[Collection entries]
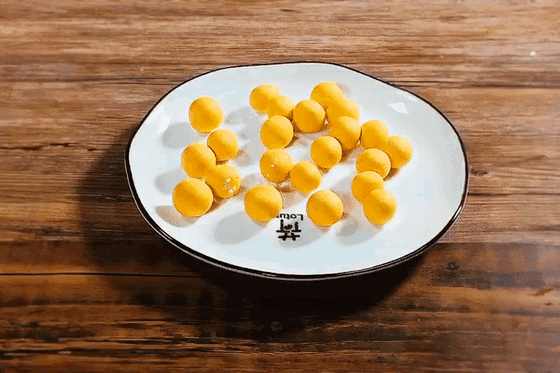 ②将南瓜面团搓成一个个小丸子,个头大小随您喜欢~盘子里记得撒点糯米粉,不然会粘连哦~
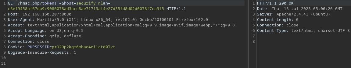 We are required to submit a `h`, `host` and `token` variable to this website. There's a `$secret` value being passed around. While googling for similar exploits online, I came across this site:
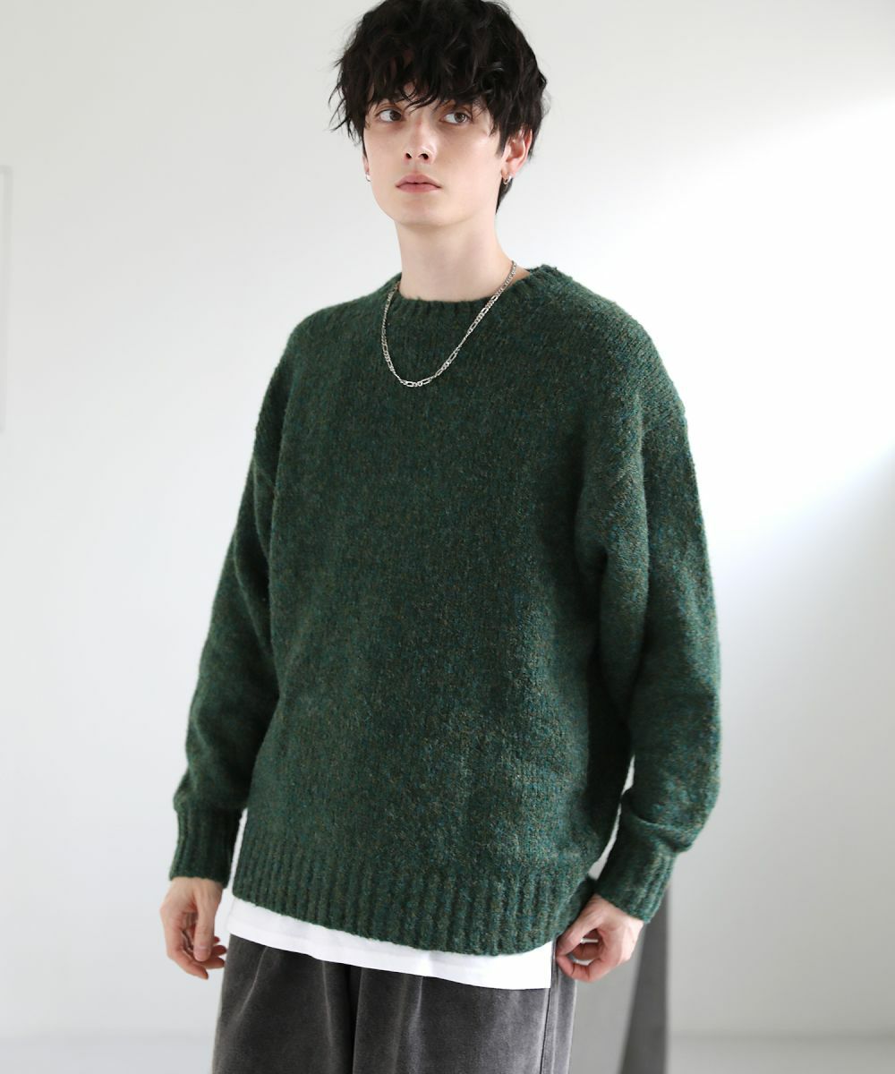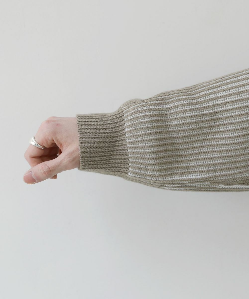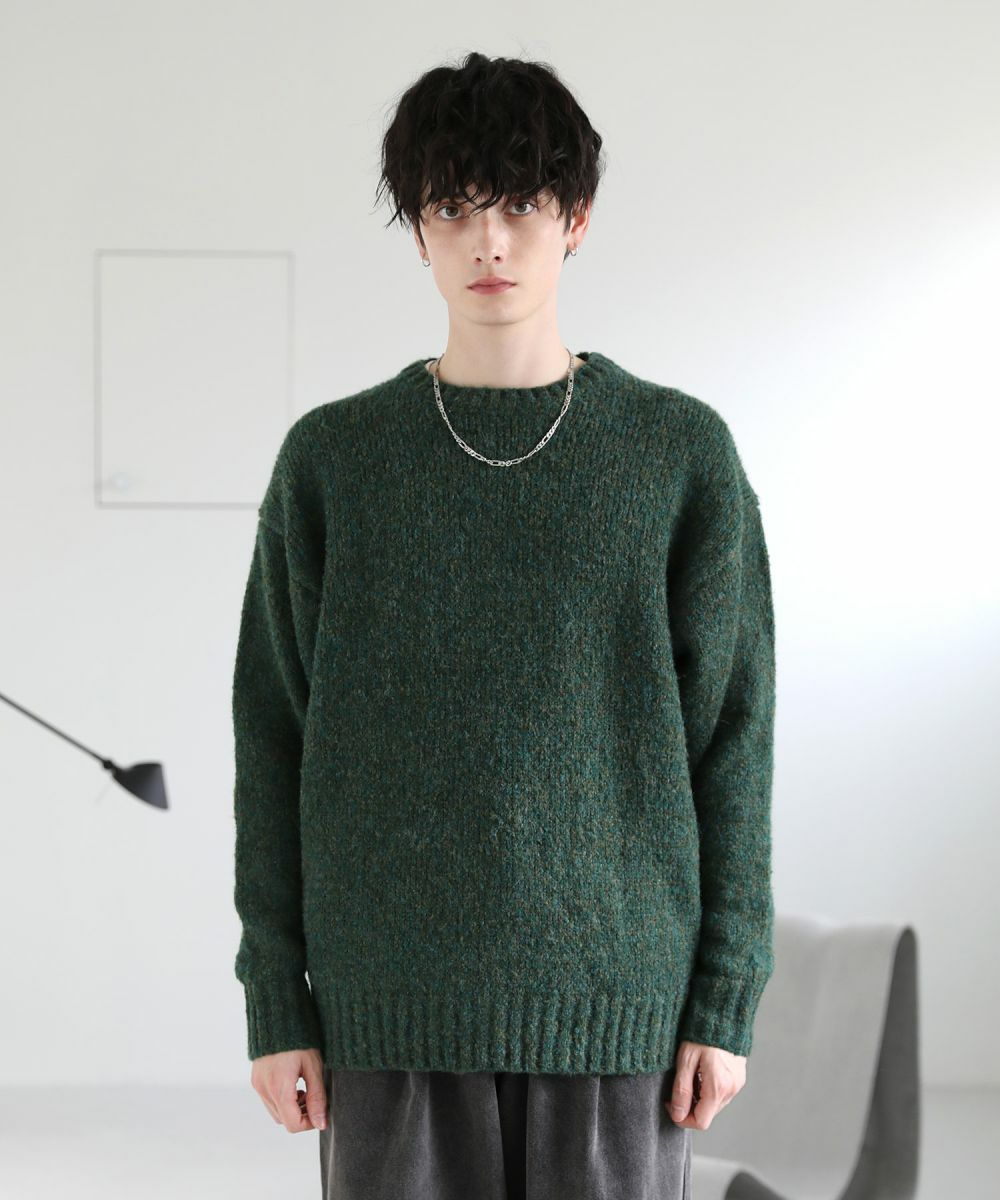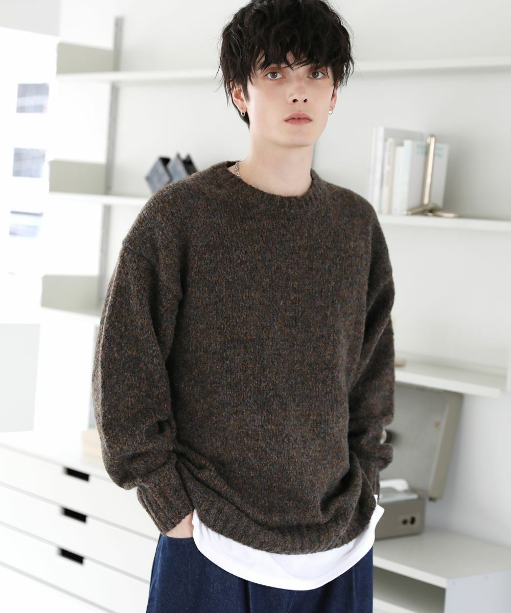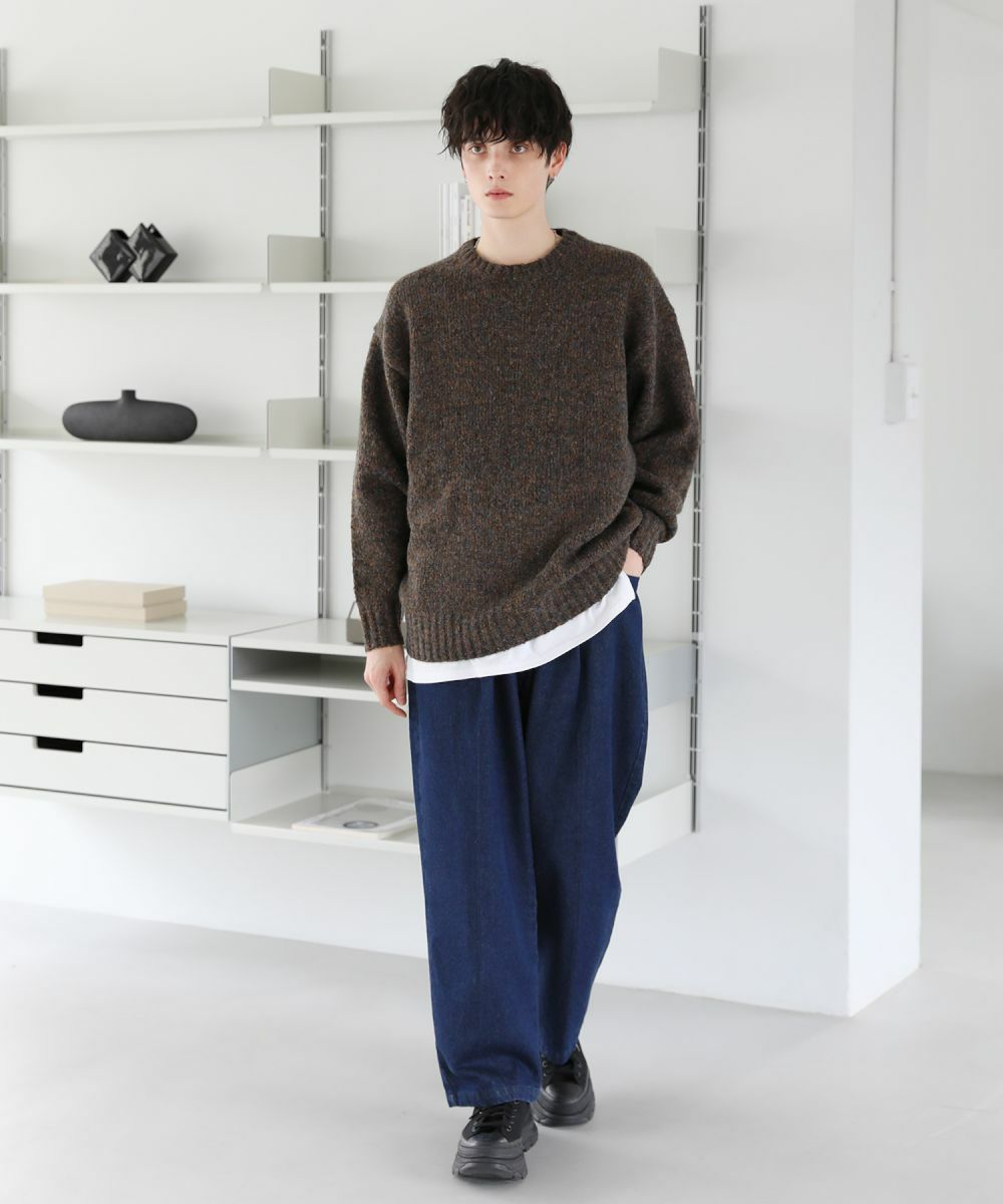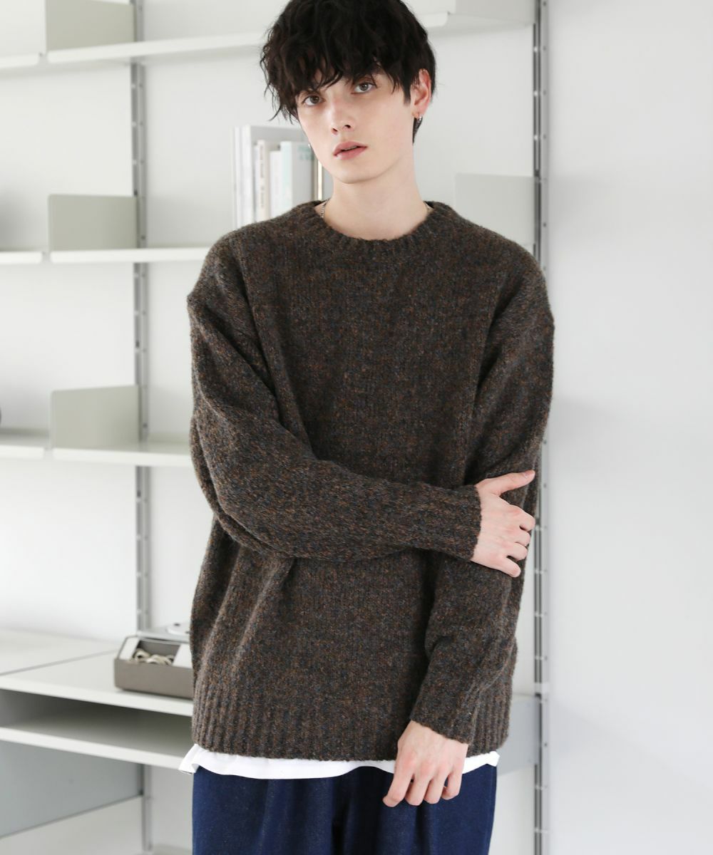 ビックシルエット配色ハンドステッチ長袖クルーネックニット
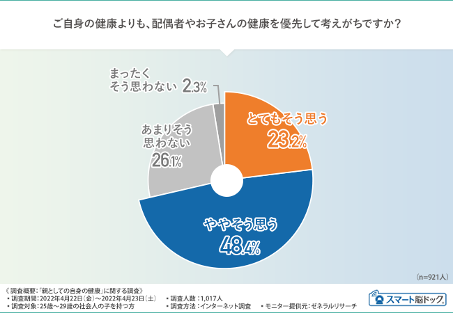では、20代後半のお子さんを持つ親御さんは、ご自身の健康に関してどのようにお考えなのでしょうか。
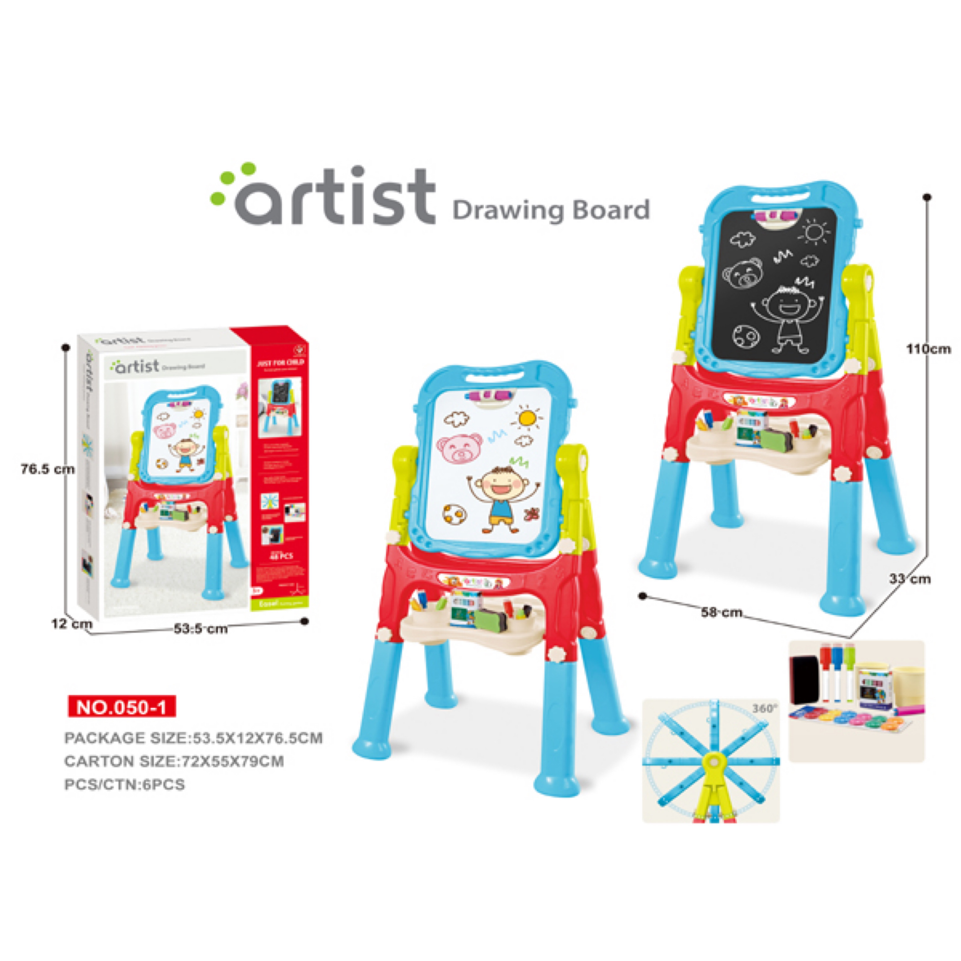 Kids Easel for Two, Adjustable Double Sided Art Easel Chalkboard and Magnetic Dry Erase Board with Kids Art Supplies Accessories
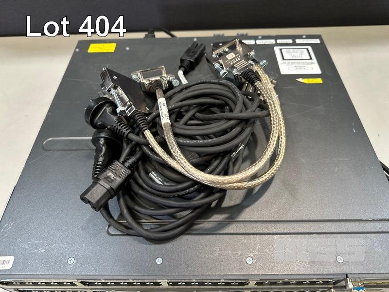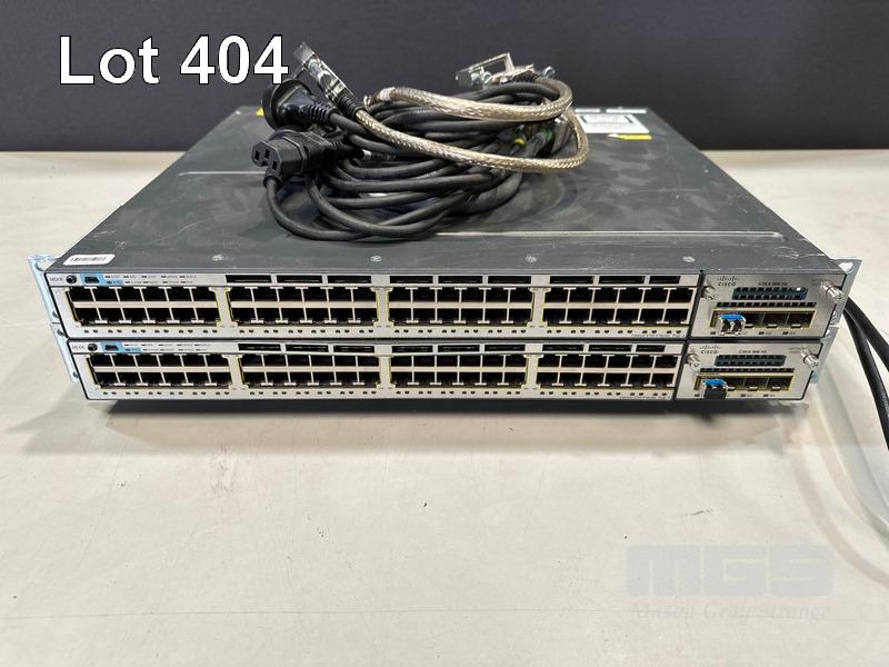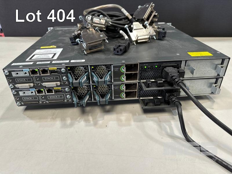 2 x CISCO CATALYST 3750-X SERIES 48-PORT SWITCHES, WS-C3750X-48P-S V03 EACH WITH C3KX-NM-1G NETWORK MODULE, STACK CABLES & IEC-C15 NOTCH POWER CABLES S/N:FDO1628R312, FDO1628V1SQ
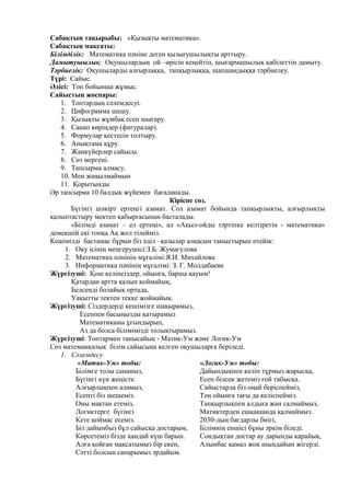 математика» сабағымыз аяқталды.
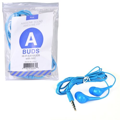 A Buds Hi-Fi Noise-Isolating Stereo Earbuds w/In-Line Microphone (Blue)

TASK PROMPT — What you return should match the records line for line, minus the pictures.

SOLUTION TO THIS TASK —
 ②将南瓜面团搓成一个个小丸子,个头大小随您喜欢~盘子里记得撒点糯米粉,不然会粘连哦~
 We are required to submit a `h`, `host` and `token` variable to this website. There's a `$secret` value being passed around. While googling for similar exploits online, I came across this site:
 ビックシルエット配色ハンドステッチ長袖クルーネックニット
では、20代後半のお子さんを持つ親御さんは、ご自身の健康に関してどのようにお考えなのでしょうか。
 Kids Easel for Two, Adjustable Double Sided Art Easel Chalkboard and Magnetic Dry Erase Board with Kids Art Supplies Accessories
 2 x CISCO CATALYST 3750-X SERIES 48-PORT SWITCHES, WS-C3750X-48P-S V03 EACH WITH C3KX-NM-1G NETWORK MODULE, STACK CABLES & IEC-C15 NOTCH POWER CABLES S/N:FDO1628R312, FDO1628V1SQ
 математика» сабағымыз аяқталды.
 A Buds Hi-Fi Noise-Isolating Stereo Earbuds w/In-Line Microphone (Blue)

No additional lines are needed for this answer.